The feature was extremely easy to implement because of previous work made. WAIT was basically a direct consequence of the new Redis replication design (that started with Redis 2.8). The feature itself is in a form that respects the design of Redis, so it is relatively different from other implementations of synchronous replication, both at API level, and from the point of view of the degree of consistency it is able to ensure.

Replication: synchronous or not?
===

Replication is one of the main concepts of distributed systems. For some state to be durable even when processes fail or when there are network partitions making processes unable to communicate, we are forced to use a simple but effective strategy, that is to take the same information “replicated” across different processes (database nodes).

Every kind of system featuring strong consistency will use a form of replication called synchronous replication. It means that before some new data is considered “committed”, a node requires acknowledge from other nodes that the information was received.
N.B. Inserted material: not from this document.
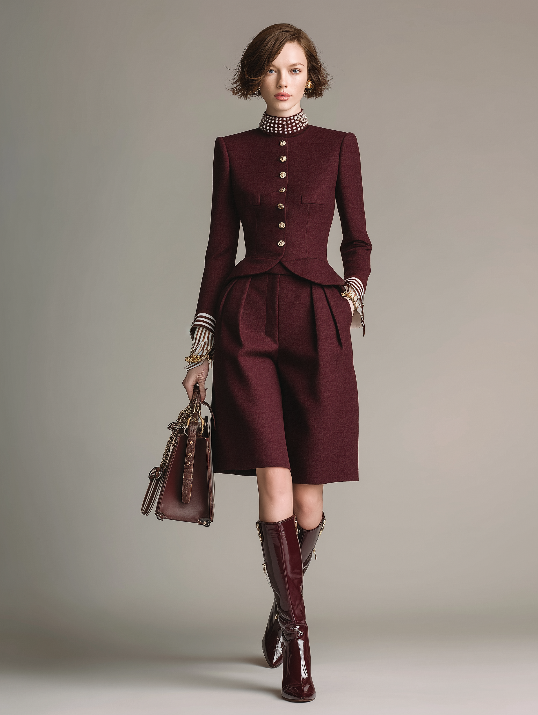 Women's Burgundy Slim-Fit Waistline Vintage Court-Style Luxury Wool Two-Piece Suit, Paired With Commuter Wide-Leg Trousers

The node initially proposing the new state, when the acknowledge is received, will consider the information committed and will reply to the client that everything went ok.

There is a price to pay for this safety: latency. Systems implementing strong consistency are unable to reply to the client before receiving enough acknowledges. How many acks are “enough”? This depends on the kind of system you are designing. For example in the case of strong consistent systems that are available as long as the majority of nodes are working, the majority of the nodes should reply back before some data is considered to be committed. The result is that the latency is bound to the slowest node that replies as the (N/2+1)th node. Slower nodes can be ignored once the majority is reached.

Asynchronous replication
===

This is why asynchronous replication exists: in this alternative model we reply to the client confirming its write BEFORE we get acknowledges from other nodes.
If you think at it from the point of view of CAP, it is like if the node *pretends* that there is a partition and can’t talk with the other nodes. The information will eventually be replicated at a latter time, exactly like an eventually consistent DB would do during a partition. Usually this latter time will be a few hundred microseconds later, but if the node receiving the write fails before propagating the write, but after it already sent the reply to the client, the write is lost forever even if it was acknowledged.

Redis uses asynchronous replication by default: Redis is designed for performances and low, easy to predict, latency. However if possible it is nice for a system to be able to adapt consistency guarantees depending on the kind of write, so some form of synchronous replication could be handy even for Redis.

WAIT: call me synchronous if you want.
===

The way I depicted synchronous replication above, makes it sound simpler than it actually is.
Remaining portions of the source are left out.